I can’t tell what I enjoyed the most about this film – the politics of these folks, watching them get their chickens ready for the competitions, or those beautiful slow motion shots of chickens doing chicken things. It’s a great film – a real laugh, but director Slavko Martinov has created a narrative that made me fall absolutely in love with each and every character. It was just so disappointing to learnt that the 150 year celebration was held at the end of June this year. I would have loved to have been there – but you can see photos at poultryclub.co.nz
Orlando (Tilda Swinton) is a young nobleman in the time of Queen Elizabeth the First. She commands him to stay young forever, and it seems to come true. We see Orlando getting his heart broken, loving poetry, discovering sex, living in the far East, and so much more.
It’s a stunning film, and Tilda Swinton is amazing in it. What I found a bit odd about watching it as part of MIFF was that the people next to me and I seemed to be the only ones who found the humour of the film – I think it is hilarious as well as stunning. Orlando is currently on SBS On Demand, so go and check it out. Let me know if you find it funny!

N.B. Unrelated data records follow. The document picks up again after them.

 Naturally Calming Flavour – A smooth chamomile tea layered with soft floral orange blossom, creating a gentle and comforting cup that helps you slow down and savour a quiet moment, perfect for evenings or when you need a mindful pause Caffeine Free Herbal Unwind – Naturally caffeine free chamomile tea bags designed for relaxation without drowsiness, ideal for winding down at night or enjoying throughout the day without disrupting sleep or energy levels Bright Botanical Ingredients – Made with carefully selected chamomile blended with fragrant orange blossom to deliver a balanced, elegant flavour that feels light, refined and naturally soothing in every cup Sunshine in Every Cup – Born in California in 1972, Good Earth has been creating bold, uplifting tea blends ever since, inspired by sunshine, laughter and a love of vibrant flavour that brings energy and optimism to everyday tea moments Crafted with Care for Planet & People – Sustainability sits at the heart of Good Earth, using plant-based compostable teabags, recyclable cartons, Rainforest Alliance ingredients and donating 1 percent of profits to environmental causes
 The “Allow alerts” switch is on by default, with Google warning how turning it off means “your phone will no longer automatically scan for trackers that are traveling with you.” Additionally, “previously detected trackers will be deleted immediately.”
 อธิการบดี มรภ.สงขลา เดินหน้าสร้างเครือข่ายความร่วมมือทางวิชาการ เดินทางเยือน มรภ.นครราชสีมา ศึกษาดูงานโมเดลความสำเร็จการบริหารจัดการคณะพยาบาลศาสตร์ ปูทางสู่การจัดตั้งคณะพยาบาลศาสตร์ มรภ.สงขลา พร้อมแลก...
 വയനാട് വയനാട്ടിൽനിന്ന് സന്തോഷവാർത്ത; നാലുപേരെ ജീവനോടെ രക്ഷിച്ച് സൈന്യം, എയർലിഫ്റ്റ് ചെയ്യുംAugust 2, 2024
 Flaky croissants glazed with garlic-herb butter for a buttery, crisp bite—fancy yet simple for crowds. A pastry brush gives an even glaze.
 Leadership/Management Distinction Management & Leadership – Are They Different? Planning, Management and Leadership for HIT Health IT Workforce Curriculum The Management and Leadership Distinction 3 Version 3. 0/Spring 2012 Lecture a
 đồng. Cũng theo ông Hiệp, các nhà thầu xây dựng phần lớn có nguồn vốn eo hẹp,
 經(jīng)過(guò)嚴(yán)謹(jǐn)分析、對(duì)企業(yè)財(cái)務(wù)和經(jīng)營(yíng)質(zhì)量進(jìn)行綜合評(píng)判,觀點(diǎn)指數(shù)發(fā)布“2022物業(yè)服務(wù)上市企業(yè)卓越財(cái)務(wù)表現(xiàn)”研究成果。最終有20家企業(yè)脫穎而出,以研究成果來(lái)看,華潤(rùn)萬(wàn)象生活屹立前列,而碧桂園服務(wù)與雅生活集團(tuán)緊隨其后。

Orlando was nominated for Oscars for Best Costume Design and Best Art Direction – Set Direction.
This documentary tells about James Baldwin, using his unfinished novel Remember This House. James Baldwin was an activist for civil rights around the time of Martin Luther King Jnr and Malcolm X. He was an intellect and absolutely amazing, and I don’t know how it is possible that I have never heard of him. His words are beautiful and moving, narrated by Samuel L Jackson for the film. There is plenty of footage of Baldwin as well as of other events of this time. It’s worth a watch, but I’d recommend not watching it the day after a guy drives into a crowd protesting against a white supremacy march. It’s depressing to see how little attitudes have changed.
Ginger (Elle Fanning) and Rosa (Alice Englert) are teenagers who grew up together in London in the sixties under the looming fear of total nuclear annihilation. Rosa struggles with her single mother, whist Ginger is dealing with her father’s affairs and the fighting of her parents.
There is so much to love about this film – the style of the times, the way the story unfolds, the way a friendship can seem like everything. It’s a beautiful film and worth tracking down.
In 2015, in a bus terminal in Southern Israel, a horrible event happened. I don’t want to say more, because the film allows the story to unfold in a very unusual way. The filmmaker has interviewed people who were at the scene and then, using footage from the CCTV cameras on site, shows them during the event.
It’s fascinating and clever and horrifying. Just don’t read the blurb from MIFF, because it gives more information that necessary – had I read it before watching, it would have ruined the film for me.